The speech rate is set as a decimal number in the range from 0.1 to 3.0. Where:
  • 3.0 — Fastest rate.
  • 1.0 (default) — Average human speech rate.
  • 0.1 — Slowest speech rate.
format The format of the synthesized audio.
Acceptable values:
  • lpcm — Audio file is synthesized in the LPCM format with no WAV header. Audio characteristics:
    • Sampling — 8, 16, or 48 kHz, depending on the sampleRateHertz parameter value.
    • Bit depth — 16-bit.
    • Byte order — Reversed (little-endian).
    • Audio data is stored as signed integers.
  • oggopus (default) — Data in the audio file is encoded using the OPUS audio codec and compressed using the OGG container format (OggOpus).
sampleRateHertz The sampling frequency of the synthesized audio.
Used if format is set to lpcm. Acceptable values:
  • 48000 (default) — Sampling rate of 48 kHz.
  • 16000 — Sampling rate of 16 kHz.
  • 8000 — Sampling rate of 8 kHz.
folderId Required parameter.
ID of your folder.
For more information about how to find the folder ID, see the section Authorization in the API.

Response

If speech synthesis is successful, the response contains the binary content of the audio file. The output data format depends on the value of the format parameter.

Examples

Convert text to speech in Ogg format

In this example, the text "Hello world" is synthesized and recorded as an audio file.

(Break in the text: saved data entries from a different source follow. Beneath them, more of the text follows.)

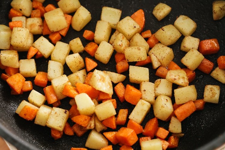 炖的时候把土豆和胡萝卜切小块,用炒锅炒到微微焦黄后,放入盐和孜然粉翻炒均匀,盛出备用;
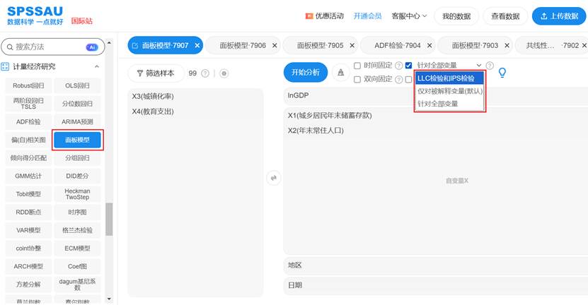 SPSSAU实战示例:在【计量经济研究】模块选择【面板模型】,勾选LLC检验和IPS检验,操作如下图:
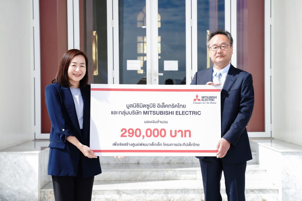 มูลนิธิมิตซูบิชิ อิเล็คทริคไทย นำโดย นายชินจิ เทะระทานิ รองประธานกรรมการ พร้อมด้วยผู้แทนจากมูลนิธิฯ มอบถวายเงินสนับสนุนจำนวน 290,000 บาท แด่ พระวชิรวรคุณ (เสริมพร ธมฺมวโร) ประธานกรรมการมูลนิธิประทีปเด็กไทย หลวงพ่อวิริยังค์ สิรินฺธโร เพื่อสมทบทุนการสร้างศูนย์พัฒนาเด็กเล็กให้ครอบคลุมพื้นที่ทั่วประเทศไทย ตามวัตถุประสงค์หลักของ “โครงการประทีปเด็กไทย” ต่อเนื่องเป็นปีที่ 9 ณ วัดศรีรัตนธรรมาราม จังหวัดสมุทรปราการ
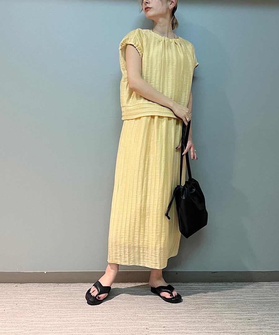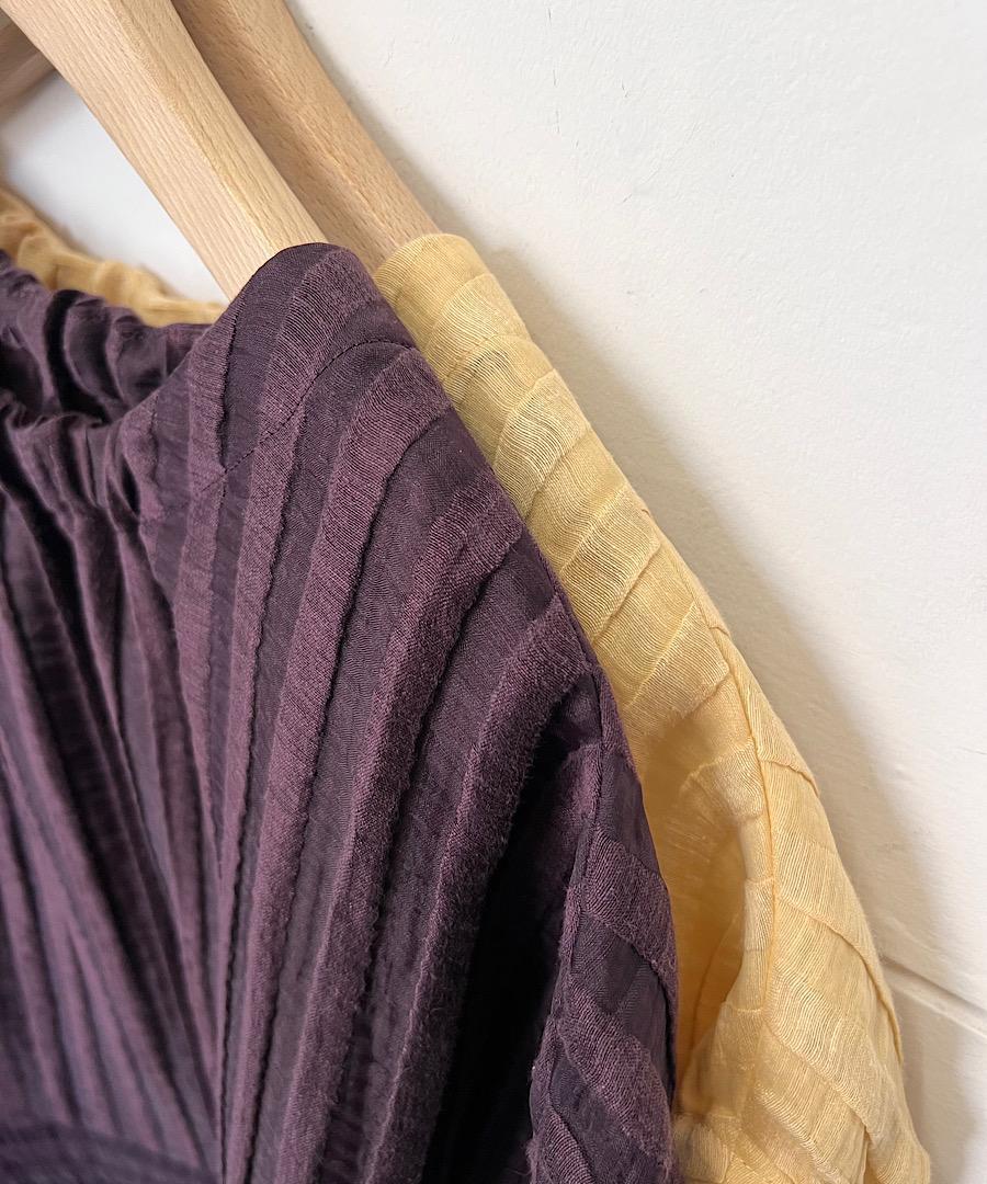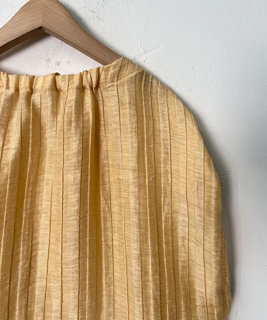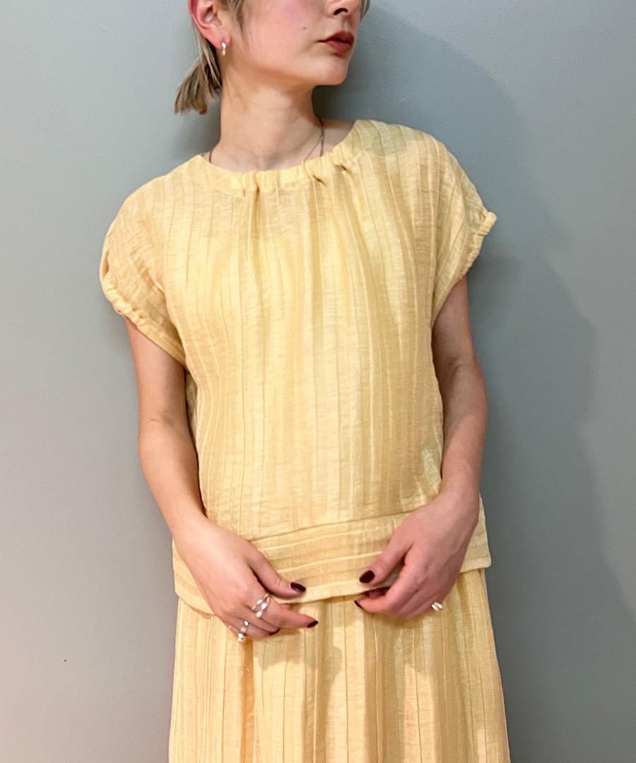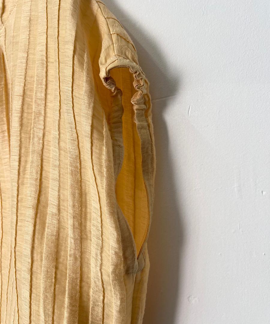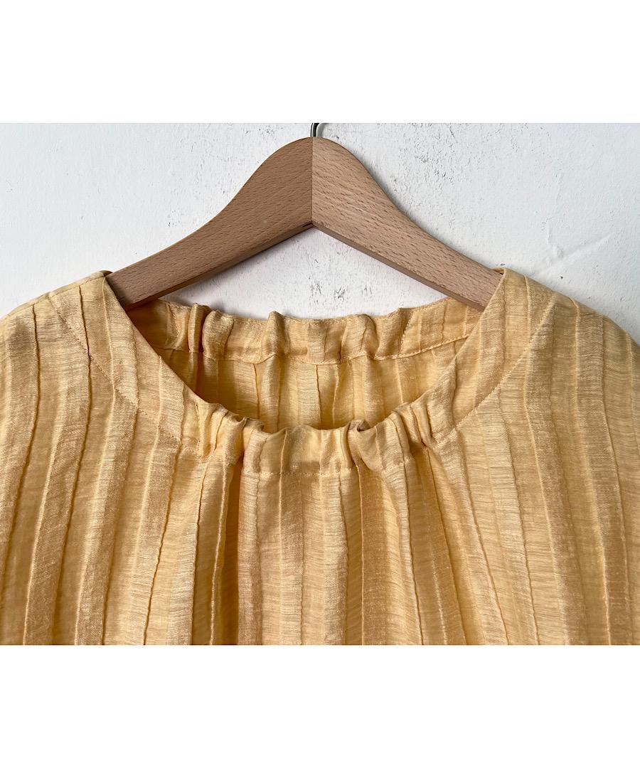 衿と袖に部分的にギャザーゴムを使い、立体感と女性らしさをプラス。
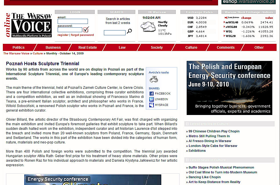- The 16th International Sculpture Triennial, Competition Exhibition, Poznan, POLAND. Honourable Mention

By default, data in the audio file is encoded using the OPUS audio codec and compressed using the OGG container format (OggOpus).

$ export FOLDER_ID=b1gvmob95yysaplct532
$ export IAM_TOKEN=CggaATEVAgA...
$ curl -X POST \
     -H "Authorization: Bearer ${IAM_TOKEN}" \
     --data-urlencode "text=Hello World" \
     -d "lang=en-US&folderId=${FOLDER_ID}" \
     "https://tts.api.cloud.yandex.net/speech/v1/tts:synthesize" > speech.ogg
using System;
using System.Collections.Generic;
using System.Net.Http;
using System.Threading.Tasks;
using System.IO;

namespace TTS
{
  class Program
  {
    static void Main()
    {
      Tts().GetAwaiter().GetResult();
    }

    static async Task Tts()
    {
      const string iamToken = "CggaATEVAgA..."; // Specify the IAM token.
      const string folderId = "b1gvmob95yysaplct532"; // Specify the folder ID.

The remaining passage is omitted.